Social Security Income for the Elderly
The Times reported that the Congress was inundated with mail from Social Security beneficiaries protesting any reduction of the scheduled cost of living increases (Part I, Nov. 18). Those interviewed on TV, and letter writers to you over the years, almost unanimously state that they have paid for their benefits, and they merely are receiving what is their own money.
Even young people write to you suggesting that they should be permitted to invest for themselves what is taken from them for them in Social Security taxes.
I retired in 1978 at the age of 62. Today, the Social Security income from my account that is payable to me and my wife is $11,244 per year. The maximum tax paid by anyone born in 1916 to and including 1978 is a grand total of $8,557. This year alone we shall receive $2,667 more than our total lifetime tax, and it is about to be increased again!
Social Security is nothing but welfare, and we shall never treat it properly until we call it by name.
I have suggested to my representatives that Social Security payments be programmed to include a statement of the lifetime tax paid and the to-date total of the amount received.

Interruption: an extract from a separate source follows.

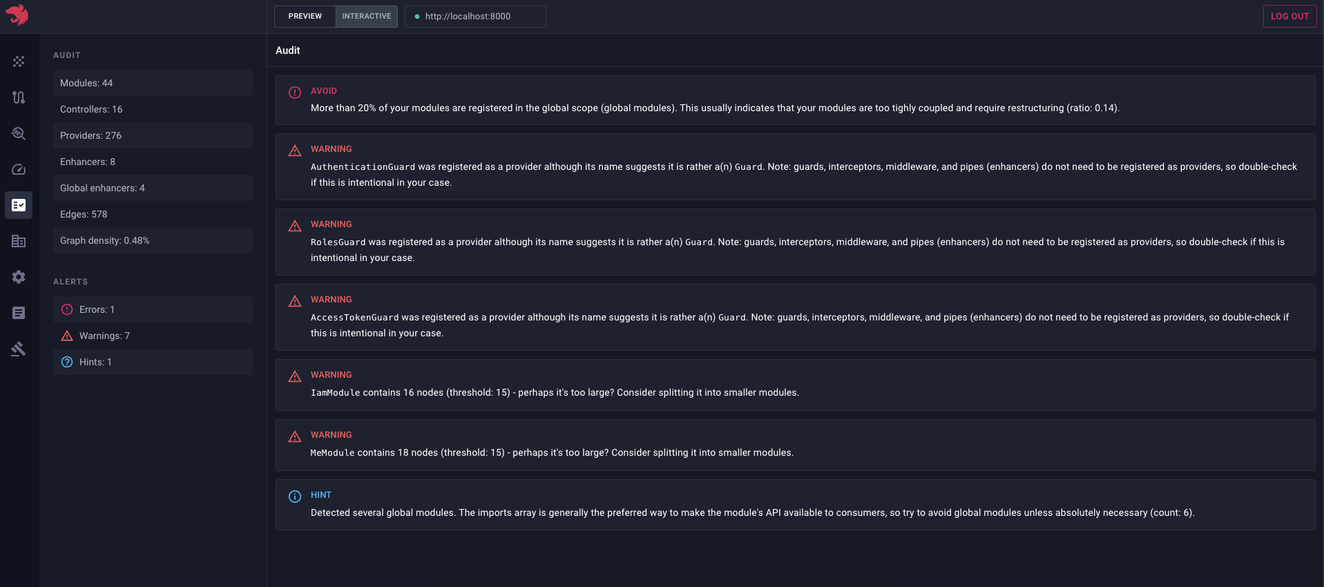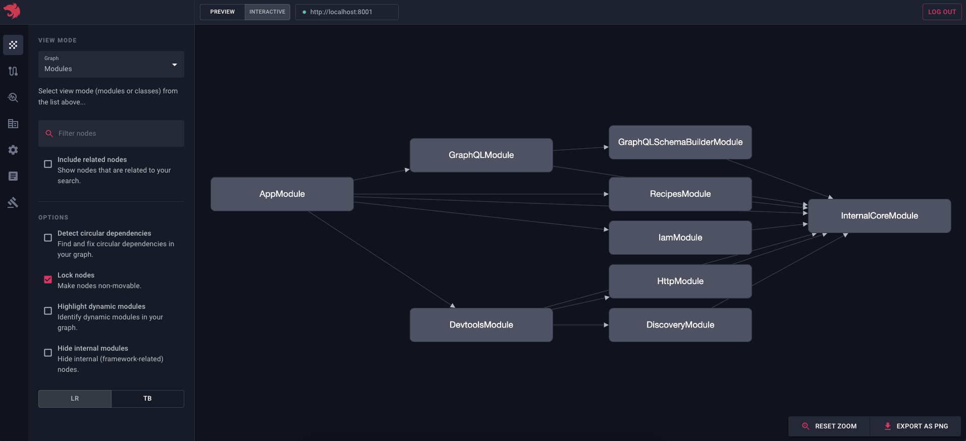 Hint As you can see on the screenshot above, every module connects to theInternalCoreModule.InternalCoreModuleis a global module that is always imported into the root module. Since it's registered as a global node, Nest automatically creates edges between all of the modules and theInternalCoreModulenode. Now, if you want to hide global modules from the graph, you can use the "Hide global modules" checkbox (in the sidebar).

Young people should understand that the tax they pay today is disbursed today. It does not create a fund for them. Today the maximum tax paid by an employee is $3,003. When I started to work the maximum tax was $30. In 1988 the maximum tax for an employee jumps to $3,762.51, and if he is self-employed it is double that amount.
I resent senior citizen organizations pretending to represent me in pressuring members of Congress to continue to take large taxes from young people in order to give it to me.
Next year a young woman, for example, with a $20,000 income will pay $1,502 to the government who will pay all of it immediately to today’s elderly.
The old timers have representation--whether they want it or not--for Social Security to pay more, more, more. Who will represent the young? Only the truth! The media must begin to portray Social Security for what it is--a tax-favored welfare program.